You cannot escape even if debts have fallen off your credit report

Even if the defaults have dropped off your credit report, you are to repay them. However, this rule makes an exception when your old debt is not enforceable due to any reason. When you make a default on a debt, lenders do not usually sit on their hands. 

They will start chasing you through emails, messages, notifications, and calls. They will keep asking you to make payments. They will transfer you to a debt collection agency if you do not turn to their requests or messages.

Note that a lender will inform you before doing so. A debt collection agency will look over your financial condition to decide the size of your monthly payments. You are supposed to stick to the payment method.

If you find that your financial situation has further degraded, you may file for insolvency. This is the only way you can escape defaults. However, note that insolvencies will show up on your credit file for six years.

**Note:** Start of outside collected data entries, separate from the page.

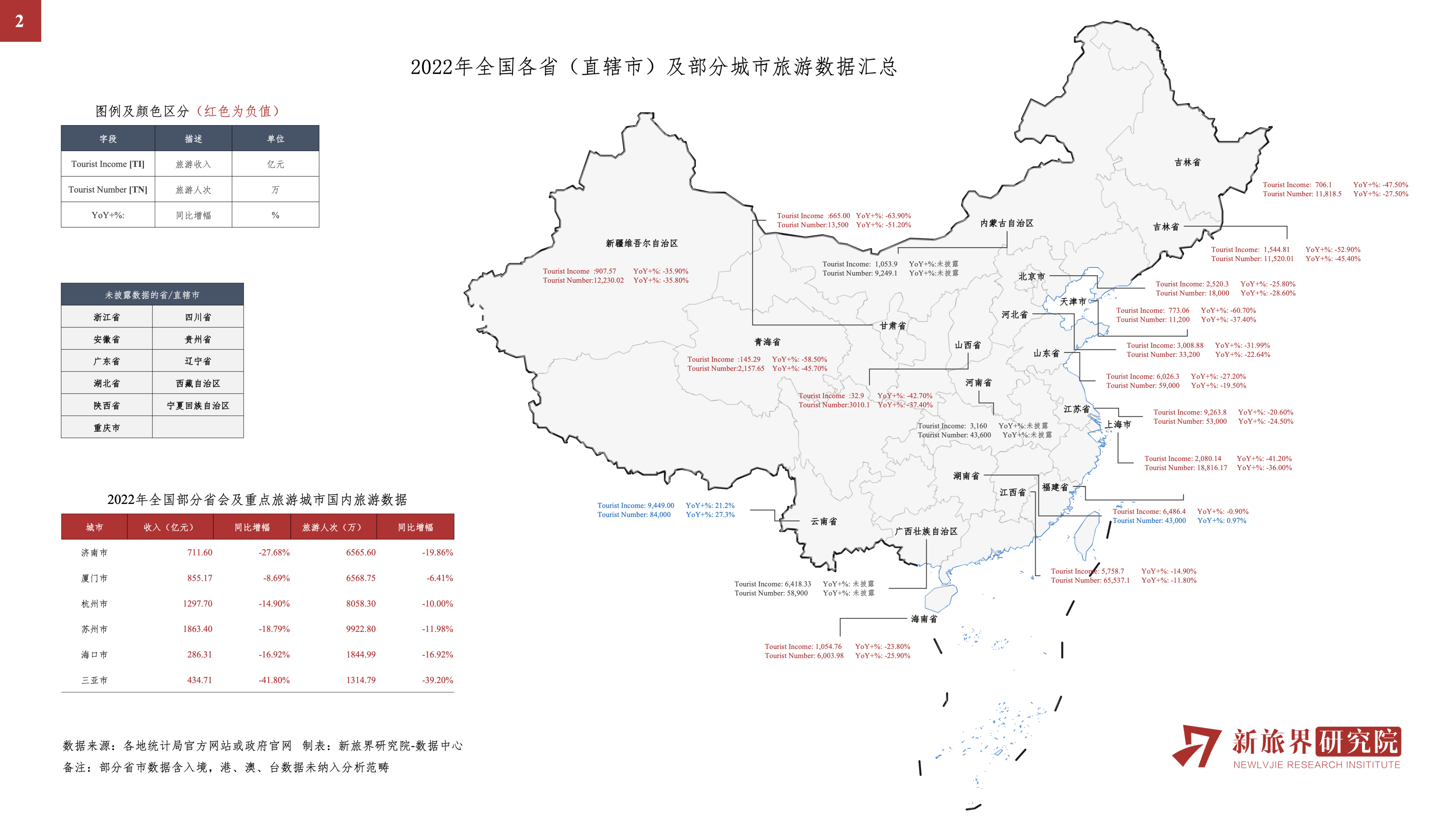 图二 2022年全国各省(直辖市)及部分城市旅游数据
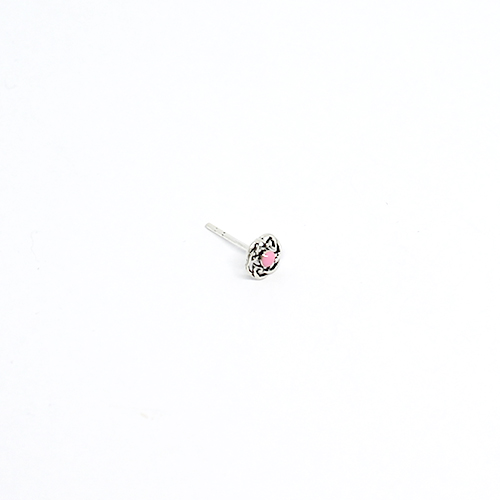 Brinco de prata 925, com moldura trabalhada e pedra no centro, diâmetro 6 mm. Várias cores disponíveis.
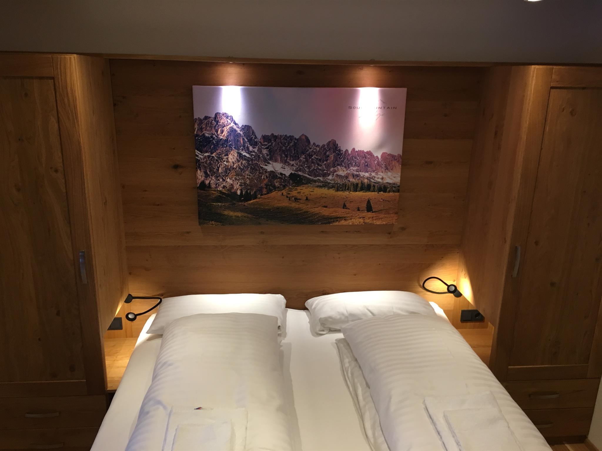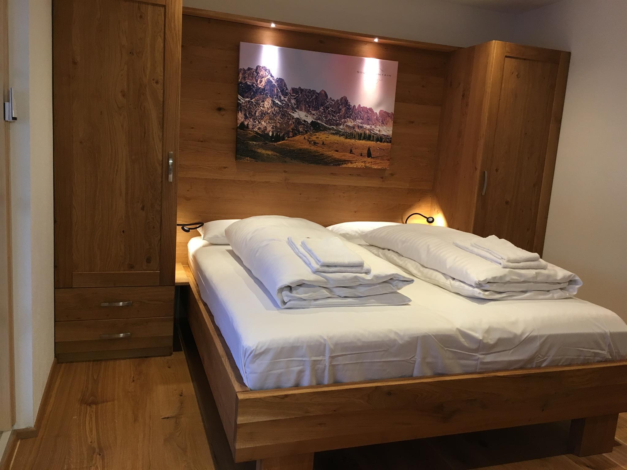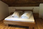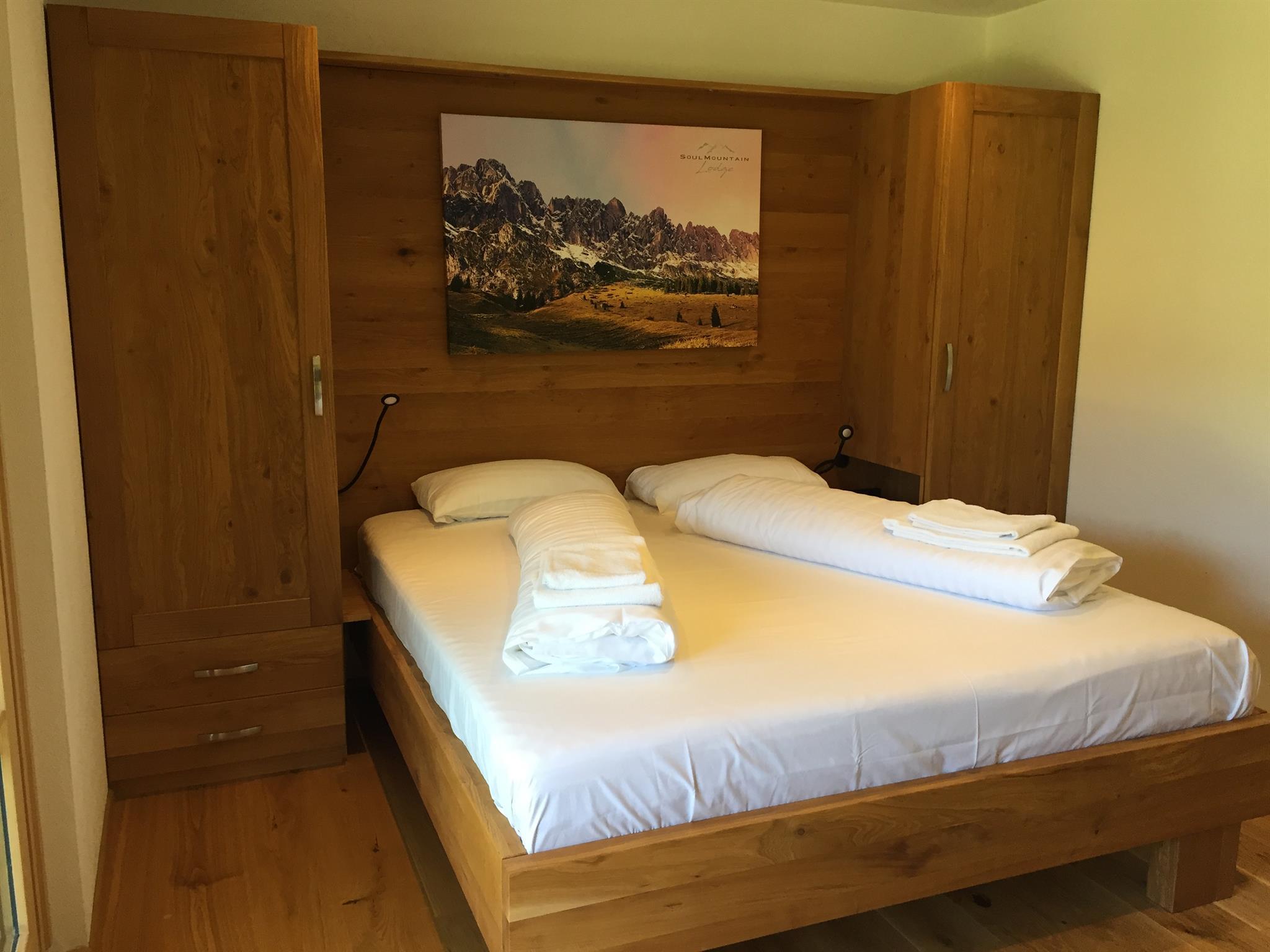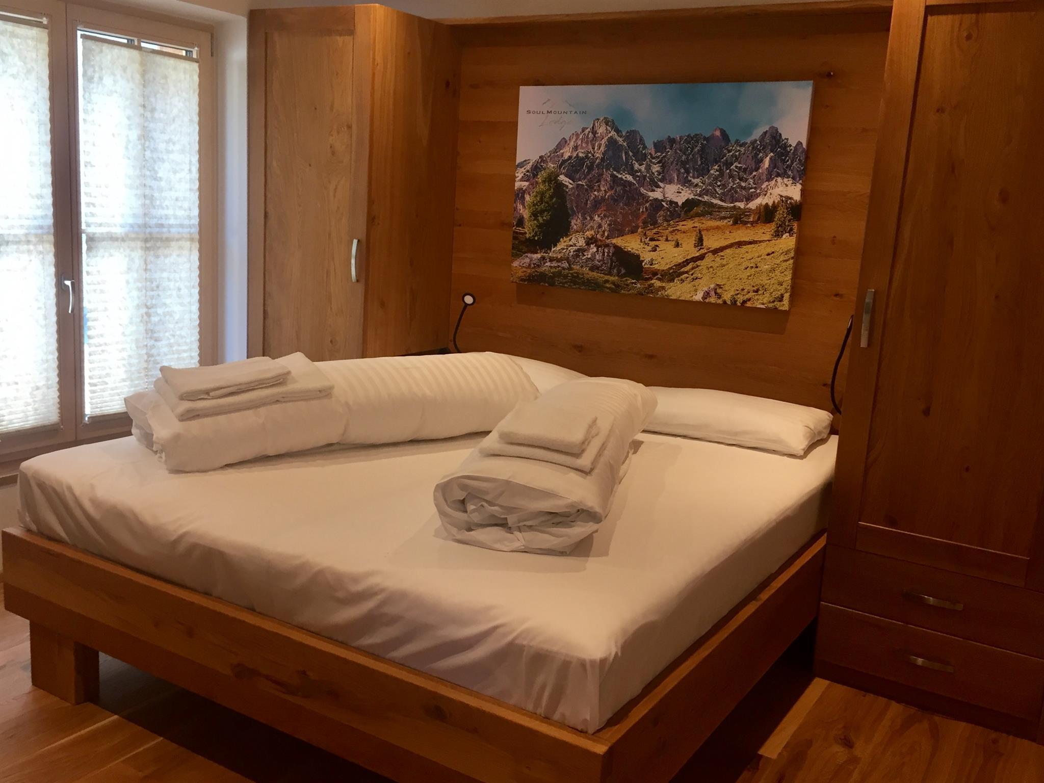• Zirbensuite: Doppelbett und Einbauschränke zur Südseite offener Dusch/Waschbereich.

Mainstream lenders do not feel free to lend money if it shows up on your credit file at the time of applying for a mortgage. 

Ways to protect your credit score

Here are the ways to protect your credit score if you do not want to face delays in content writing:

Check your credit report to see if there are no errors related to unknown defaults, inaccurate contact details, etc.

If you have already had some defaults, try to pay them off. Then, start stashing away for a deposit.

Make sure you have not been taken on a new loan for at least a year. In case you have to meet emergencies, small loans like loans in 15 minutes with no credit check would be a suitable option.

The credit utilisation ratio should not be more than 25%. Lesser is better.

The final word

There is no magic bullet to make your credit report perfect for a mortgage. You will have to ensure that all outstanding debts have been paid off. At the time of applying for a mortgage, you should avoid having any debts. Arrange a bigger deposit size if your credit score needs to be better.